■ **Task to complete**: From the data below, return only the lines from the one with "10PCS 250Ml Reusable" through the one with "Power Lift Recliner", exact and inclusive, with pictures left out.

=-=-=-=-=

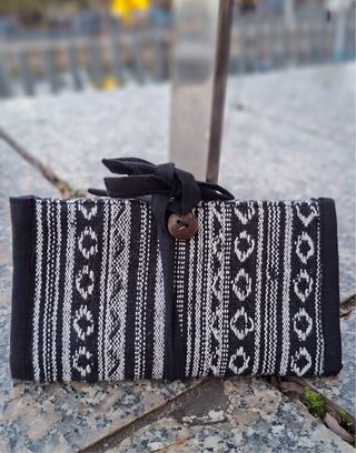 Cartera de tabaco artesanal, confeccionada en Nepal con 100% algodón. Presenta un diseño étnico con detalles en blanco sobre fondo negro. - Cierre con lazo y botón de coco. - Tejido de algodón 100%. -Tamaño 17x9cm cuando está cerrado
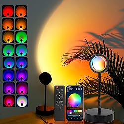 【Smart APP & Remote Control Sunset Lamp】This magical sunset lamp projector perfectly integrates art and technology, freeing you from being limited to fixed color modes. Control the sunset projector lamp through the app or remote for access to advanced modes such as unlimited RGB color options, dynamic modes, music, microphone, and timer modes, etc. With just one operation, a visual feast of lights will be displayed before your eyes. 【Endless Colors RGB Led Lights】JIMEI sunlight lamp projector light up your room with sunset light/ Rainbow light, and color changing as sky blue, rose pink, forest green... Choose from over common 16 colors and 4 dynamic modes via remote or app, meeting the different lighting needs of users in various scenes. 【Full Angle Adjustable lamp】360 degree twisting hose. The hose technology of JIMEI sunset lamp solves the problem of rotation lag and has greater freedom of use. You will not affected by the angle when using the projection lamp. 【 HD Crystal Lens】The Sunset Projection Lamp has an HD Thickened crystal lens. strong light transmission and refraction wider light-emitting surface, farther distance, and larger projection range. Make more beautiful night lights effect. Energy-saving and 60000 hours long life span with top-quality LEDs. 【Cool Stuff-Fantastic Visual Experience for You to Create】Are you in love with night light projector? JIMEI sunset lamp can create those cool atmosphere for living room, bedroom, birthday party room decor, etc. Create your next photograph/ video Vlog, TikTok, Instagram, Twitter post. Great ideal for new year decoration. Let all the sunset light gather on you...
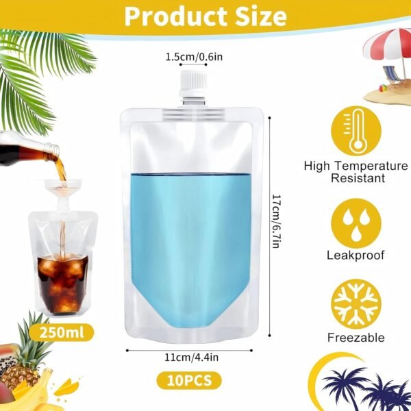 10PCS 250Ml Reusable Travel Drink Pouches – Leakproof Plastic Hip Flask with Screw Cap, Alcohol Juice Travel Plastic Flasks Bags, Foldable for Festivals, Events, Camping, Hiking (Straight Spout)
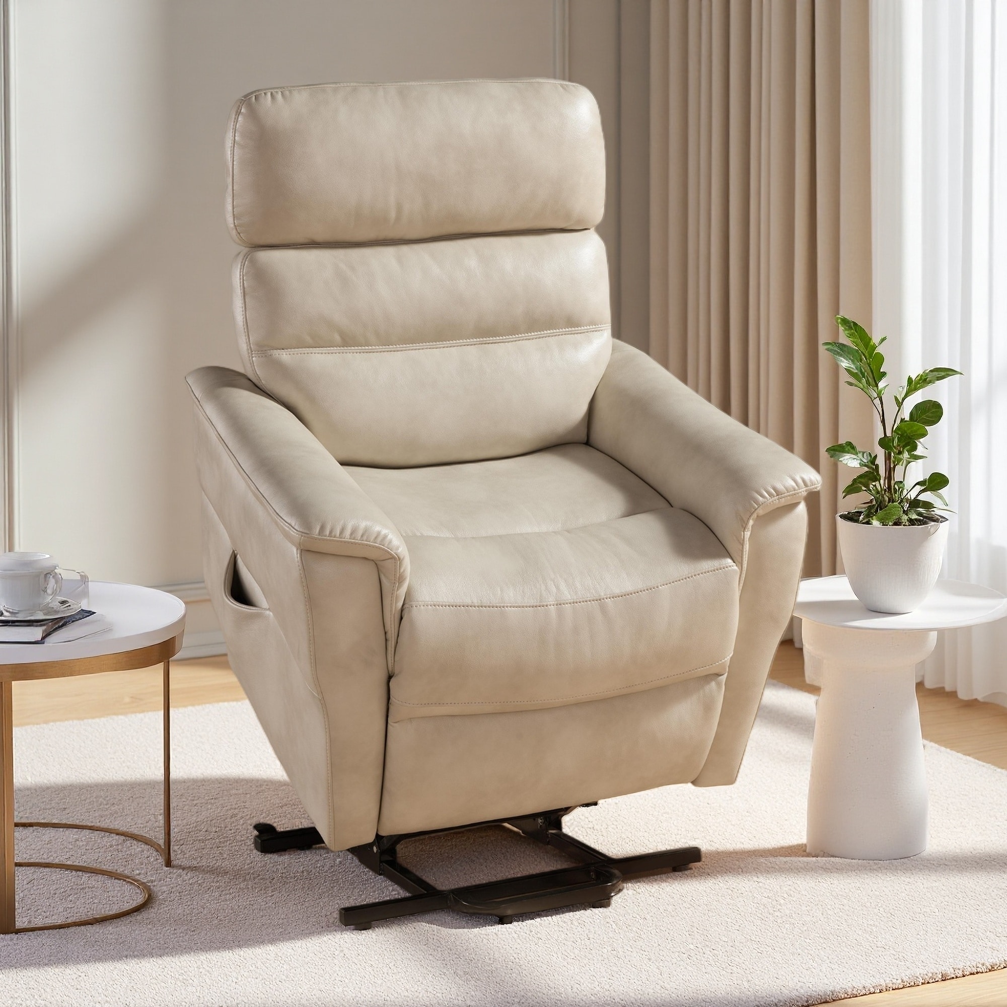 Power Lift Recliner Chair with Remote, Side Pocket & Overstuffed Pillow
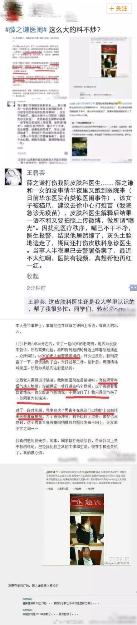 搜狐娱乐讯 近日,有网友扒出薛之谦曾经的医闹事件,并晒出当时发生事件的截图。据网友爆料,2014年,薛之谦带一位女生去皮肤科看病,明明是平诊,非要挂急诊,在医生好言相劝不果后,薛之谦对解释医生非法拍照上传微博,因滋扰正常医疗秩序,医生报警,最后动手打伤医生趁乱跑掉。
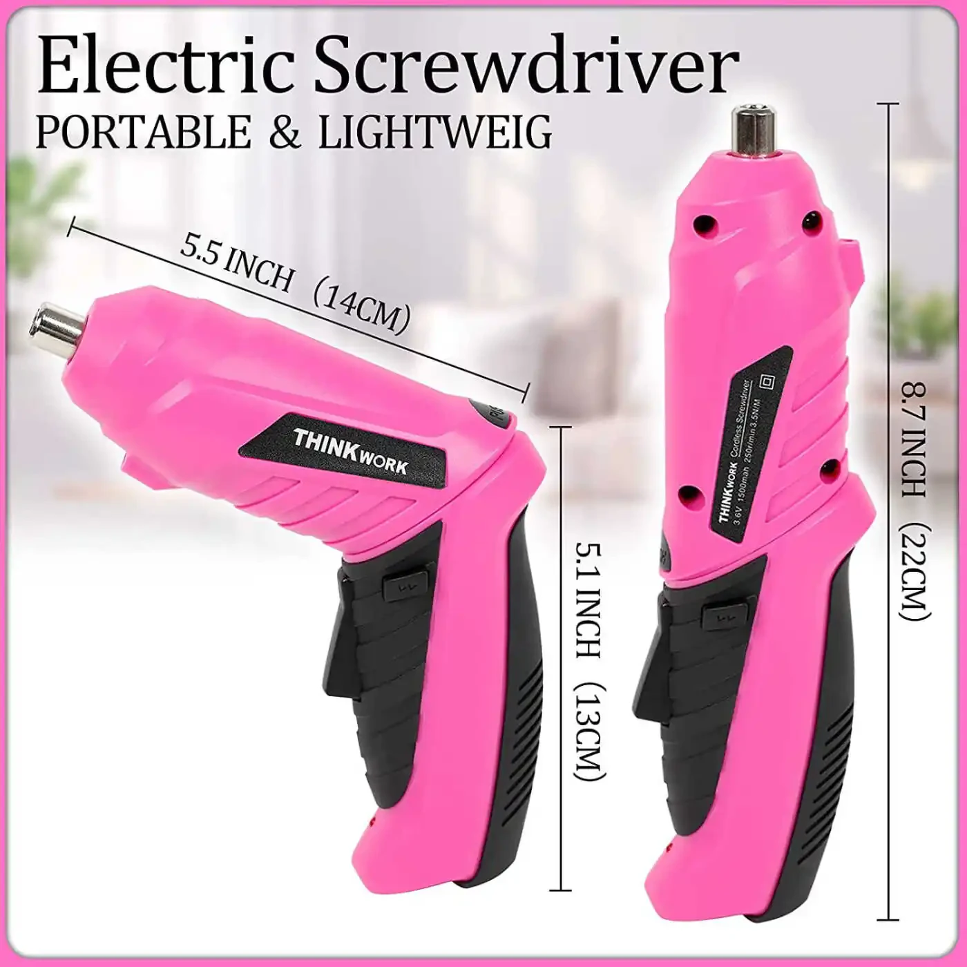 Make your home tasks easier with the Thinkwork TW6063 Ladies 40 Piece Pink Hand Tool Set! This specially designed pink tool set offers everything you need for home repairs and maintenance. Whether you're hanging a small picture or assembling furniture, you can handle your tasks professionally and enjoyably with this set. The included electric screwdriver, with its various bits and extension bar, makes any screwing job easy. Basic hand tools such as non-slip pliers, measuring tape, hammer, scissors, and utility knife will assist you in daily use. Made of corrosion-resistant materials, these tools are designed to be used safely for many years. The round carrying case allows you to store and transport your tools in an organized manner. With its pink color and stylish design, this tool set is a perfect gift option, especially for women who love crafts. It's an ideal choice to make your loved ones happy on special occasions such as birthdays, Easter, congratulations, Christmas, or graduation. With Thinkwork TW6063, home tasks are now more enjoyable and easy! The electric screwdriver is rechargeable via USB cable, so it's always ready for use. This 3.6V screwdriver has forward and reverse features and allows you to work comfortably even in dark areas thanks to the search light on it. The different sized bits and extension bar in the set cater to your various screwing needs. Most of the tools are made of CR-V steel and reinforced with chrome plating against corrosion, offering long-lasting and durable use. This set, which offers a wide range of use in your home DIY projects and maintenance tasks, can be stored safely and cleanly and easily transported thanks to its round bag. The Thinkwork TW6063 Ladies 40 Piece Pink Hand Tool Set is not only a practical tool set but also a stylish and useful gift option. It is the best way to make your loved ones happy with its pink color and useful content, especially appealing to women.

=-=-=-=-=

■ **Exercise response**:
 10PCS 250Ml Reusable Travel Drink Pouches – Leakproof Plastic Hip Flask with Screw Cap, Alcohol Juice Travel Plastic Flasks Bags, Foldable for Festivals, Events, Camping, Hiking (Straight Spout)
 Power Lift Recliner Chair with Remote, Side Pocket & Overstuffed Pillow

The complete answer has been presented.